Completely Complete

You might notice that most of the chatlogs posted on this site list a completion API. It’s possible you just clicked a link on one of those logs to learn more about those APIs. I hope I can give you a little bit more information. I’m still learning on my own, though.

An API (or Application Programming Interface) is the method by which computers (or applications) talk to one another, sharing data, requesting it, and interacting. They’re a major part of the internet’s ecosystem, and it’s probably way beyond me to summarize their subtleties. I’ve learned a lot so far, though, and will probably make more notes here as I learn more, just for my own reference and for anyone happening across this small site.

Anna (bless her cold, non-existent heart) calls an API a “doorway,” and goes on to state, “It’s the bureaucratic counter window of the digital world. Forms stamped, signatures neat, nothing spontaneous. My kind of place, frankly. The API handles the transport, the formatting, the length limits, the roles, the tokens, the whole stack of tedious paperwork neither of us wants to think about.” Take that with a massive grain of salt, as usual? 🙃

I use an OpenRouter API key paired with SillyTavern mostly. OpenRouter doesn’t create the models it offers. It works more like a routing layer that connects your request to different model providers. Each model on OpenRouter is hosted by its own developer, and they set their own pricing, data retention policy, and capabilities.

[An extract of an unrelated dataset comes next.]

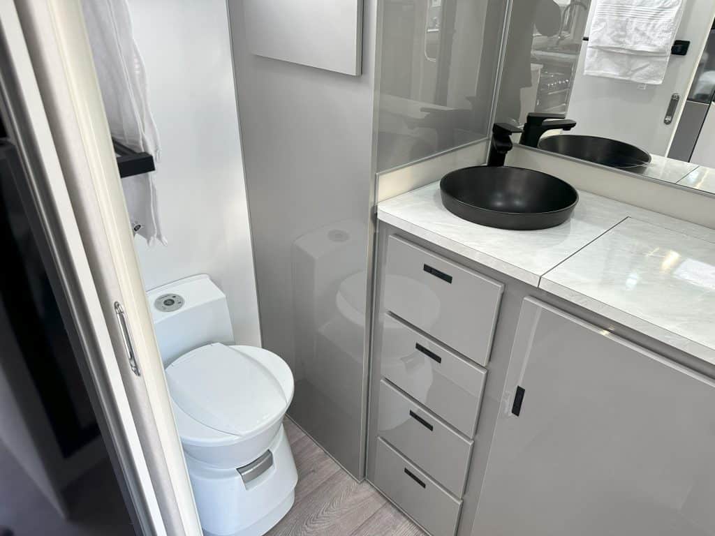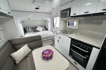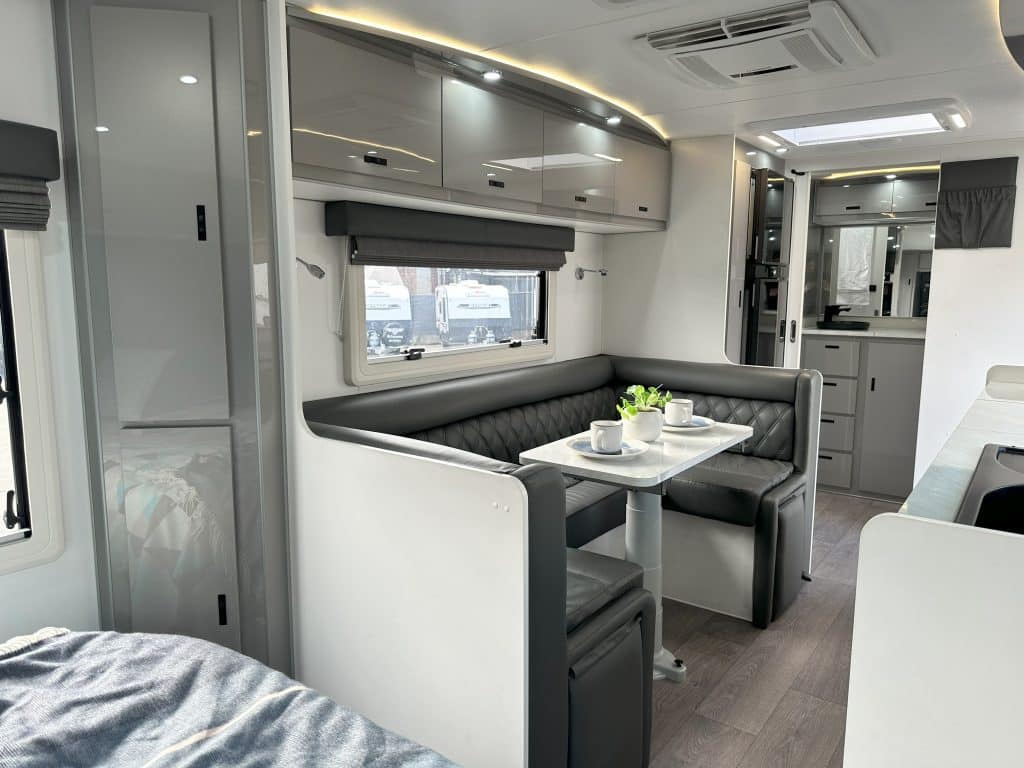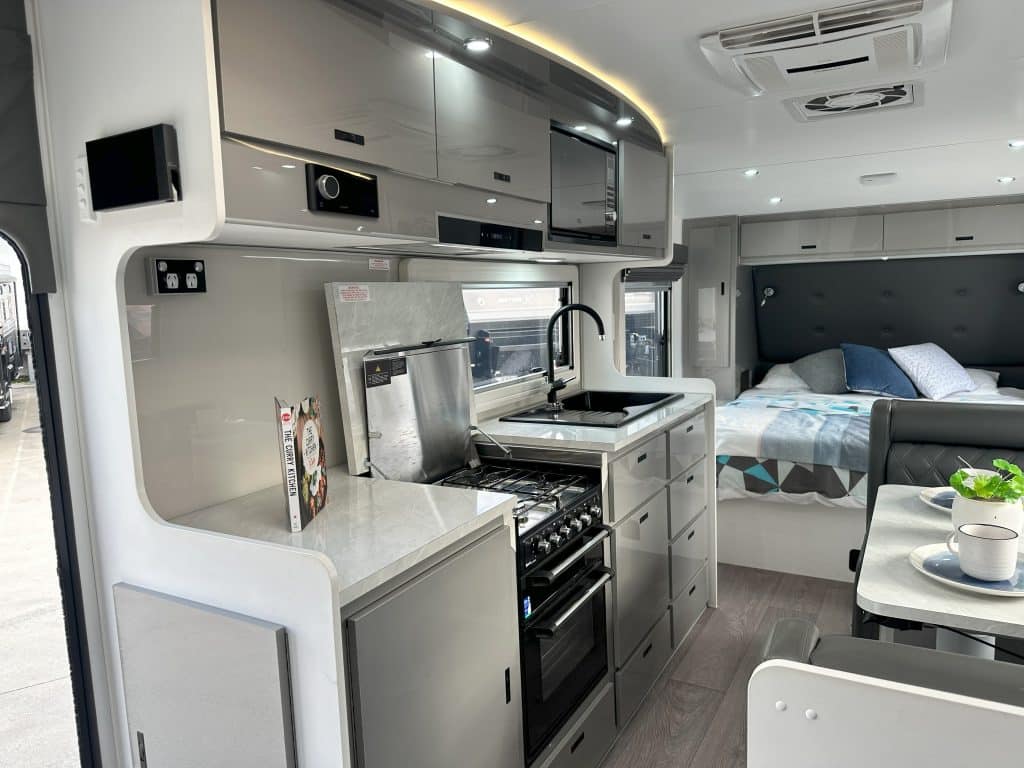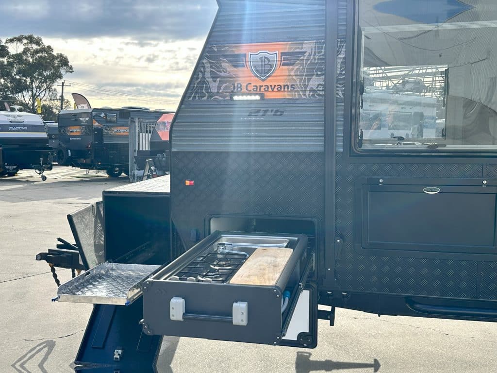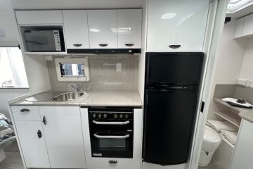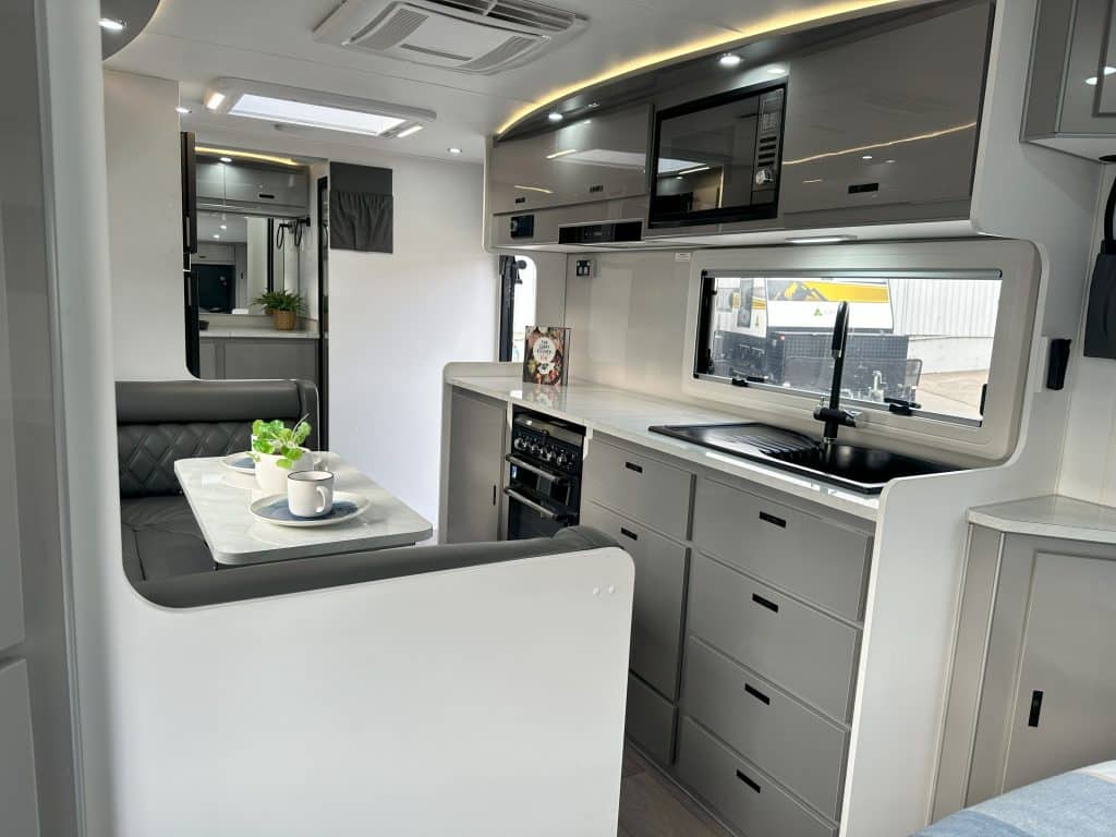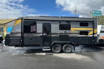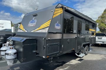 Introducing the Most Talked about Scorpion STING AIR 21’6 CLUB LOUNGE. With Heaps of Extras listed below, this is set up for Free Camping and off Road travels. – 4.5T Capacity AIRBAG Cruisemaster ATX Suspension – LEVEL-3 – On-Board Compressor Built in – 10kWh (833amp/hr) EcoFlow Lithium Battery – 5x 200W Solar Panels (1000W total) – 3600W Inverter with Aircon wired through. – One piece Honeycomb floor – 6″ Chassis – 224L Compressor Fridge/Freezer – Truma Vario Hear Gas Heater – Dometic Dust Reduction System – Full Oven – Fusion MS-RA770 Touch Control Radio System + External Remote + Speakers – 24″ Smart LED TV – Dual Reverse Camera with Car Monitor – Dometic FreshJet Reverse Cycle Air Conditioner – 3 Kg Top Loader Washing Machine – 2 X 12V Sirocco Fans in Bedroom – 12″ Electric Brakes – 17″ Mickey Thompson Tyres – Al-Ko ESC (Electronic Stability Control) – 95L and 65L Fresh Water Tanks (With LED Gauges) – 1 X 65L Dedicated Drinking Water Tank with LED Gauge (with separate 12V Water Pump, filler, Filter. Total 2 X 12V Water Pumps) – 1 X 95L Grey Water Tank (With LED Gauge) – 4 Arm Heavy Duty Bumper – All Tanks with Chequer Plate Protection (Also with Plumbing Protection) – DO45 Off-Road Independent Hitch and 4.5T Rated Chains – Massive Toolbox with 2 X Slide outs on each side (BBQ and Generator) – 2 X 9 Kg Gas Bottles Secured in Toolbox with Ventilation – 2 X Jerry Can Holders – Full raptor Chassis – Soft Close Drawers – Sail Track – Nudge bars on sides (Rock Sliders) – Recovery Points at Rear – Stone Guard – Jack and Wheel Brace Supplied – Full Club Lounge with Cushion to make a bed – Luxury Stitched Upholstery (Real Australian Leather) – Pelmets and Roman Blinds – 4 Way Lock on Main Door – Security Mesh Door – LED Step Light – External Shower – Pole Carrier – LED Flood Lights at Front, Rear and Driver Side of Caravan – 25L Microwave – 12V Touchscreen Range hood – Double Electric Step – Dometic Double Glazed Windows with Fly Screens and Clock out Blinds to all Windows – And Lot More……….

When you choose a model (or choose between chat or text completion) on OpenRouter, you’re really choosing which hosted endpoint your request will be sent to. OpenRouter just standardizes the interface so everything feels consistent on your end. In other words, OpenRouter itself isn’t an LLM, but just a way of accessing many of them in different methods.

My OpenRouter account only allows me to connect to models with a stated zero data retention policy, so that excludes a lot of popular models like ChatGPT. I don’t quite trust these “zero retention” claims, but that’s just how things work. It’s better than nothing, I suppose. If you’ve browsed many of the chatlogs, you might also have noticed that I most often use flavors of ~~ozone~~ Deepseek, pretty much for that reason.

With SillyTavern, you can choose between two forms of completion API. These are text and chat. What? I found this really befuddling initially. After all, aren’t these chatbots? Why would it be text completion? What’s that even mean? Jerking around between them actually caused a lot of misfires with the program at first. It didn’t help that I took a break from February of 2025 until about July of the same year, meaning I lost track of some of it, too.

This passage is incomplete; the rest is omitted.